The performances are filmed and have been rescued from archives thanks to a hi-tech offering which is attracting spectators, despite powerful competition on the same screens from blockbuster films via streaming, which have also been in fashion since the sanitary lockdown began.
"We are reinventing ourselves. The love for the theatre goes on," AFP is told by producer Jon Goransky, who at the tender age of 37 has already staged over 40 plays at the La Plaza and Metropolitan complexes, bastions of the scenic arts in Buenos Aires.
Over a million spectators have seen Los vecinos de arriba (“The upstairs neighbours”), by prize-winning Catalan playwright Cesc Gay, via laplazaonline.com.ar.
"That’s some number!" highlights Goransky, equivalent to three years of a full house.
"We haven’t given up. Is it theatre when there are no live artists? What’s for sure is that people are avid to consume culture," he theorises.
A further 640,000 theatre-lovers saw the humorous monologues of (+) Canchero and the comic drama Filosofía de vida (“Philosophy of life”) by Mexico’s Juan Villoro, starring the late Alfredo Alcón, an exalted stage presence.
"The meeting in El camarín virtual (“The virtual dressing-room”) between Villoro and the director Javier Daulte [who formerly directed Barcelona’s Teatro Villarroel] was magic," comments the producer.
“Keeping the flame alive"
"For the first time in the history of humanity there is no theatre open in the world," reflects Sebastián Blutrach, 50, the director of the El Picadero theatre, installed in a picturesque alley on the fringes of Avenida Corrientes, the luminous avenue which never slept and now looks as desolate as an obscure desert.
"We sell future tickets to people who want to return to the theatre when this disaster is over," Blutrach tells AFP.
Meanwhile, there is life on social networks.
"Excellent!

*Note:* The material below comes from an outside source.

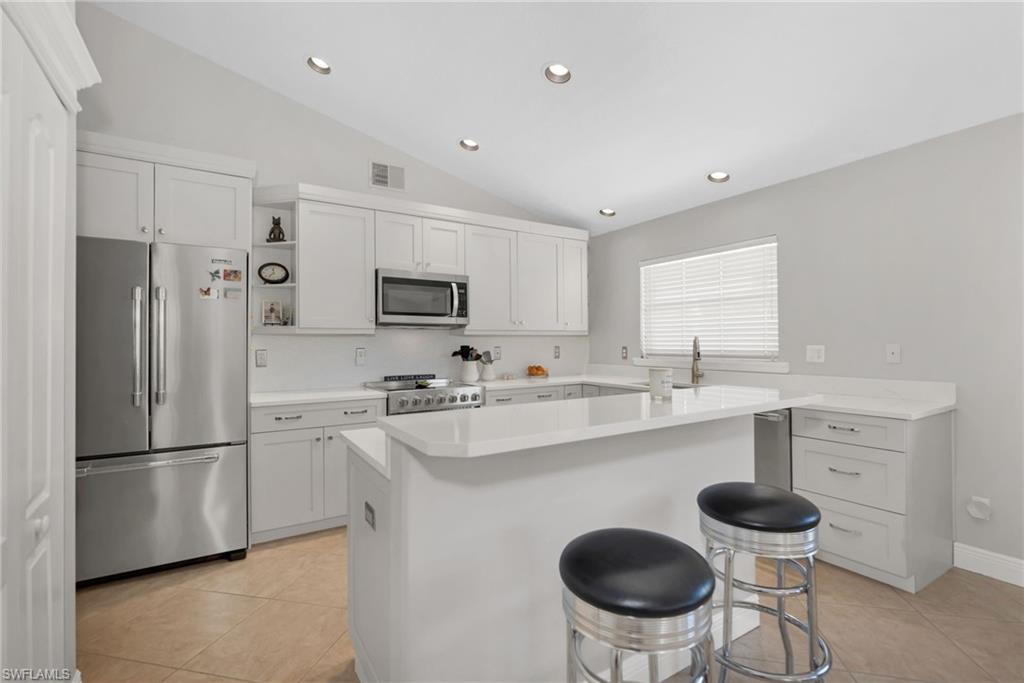 Welcome home to this immaculate and inviting 3-bedroom 2-bath home in the highly coveted Sterling Oaks development. This charming home offers a lovely open floor plan, beautiful large diagonal tile, an updated kitchen with quartz, soft-close cupboards and drawers, stainless Viking appliances and tastefully updated bathrooms. Further enhancing its charm and desirability is the private outdoor patio and wrap-around lanaiboasting a gorgeous preserve view to enjoy coffee, adult beverages entertaining family/guests and peaceful tranquility any time of day with the ideal south-eastern exposure. Many other upgrades include a newer roof, completely redone plumbing, a tankless water heater, new fixtures throughout and fresh paint! The immaculate two-car garage adds storage to the already-ample closet space throughout the interior. The white picket fence adds to the charm and fabulous curb-appeal of this gem! Ideally located a short stroll to the beautiful clubhouse, this home offers access to resort-style amenities including a resort-style pool and spa with cabana bar, pickleball and bocce courts, a modern fitness center with locker rooms and sauna, scenic walking paths, a childrenu2019s play area, and a lovely on-site restaurant offering Friday night dinners, holiday celebrations, and special events. All of this is in an ideal Naples location within minutes of four world-class white sandy beaches, fine dining, shopping, theaters, and endless recreational opportunities. Optional but affordabletennis membership adds even more with 12 Har-Tru courts, professional instruction, clinics, and team play. This delightful home combines comfort, style, and convenience in one of Naplesu2019 most desirable communitiesu2014an exceptional opportunity to enjoy resort living at its finest. Sterling Oaks is in an X flood zone with low HOA fees. Donu2019t miss this opportunity! It wonu2019t last long!

How nice to see theatre," wrote user@marcelapmaldonado on Instagram.
Another word of thanks: "A very good initiative to put up with the quarantine better!" commented Paola Vales on Facebook.
"Ir al teatro en pijama, un domingo a la mañana (“Going to the theatre in pyjamas on a Sunday morning!" posted Instagram user @verofotosok.
"May the flame stay alive. You have to survive,” says Maxime Seugé, 43, a Frenchman at large in Buenos Aires – or not so much at large because he is the producer of Timbre 4, a legendary 'Off Corrientes' theatre far removed from downtown.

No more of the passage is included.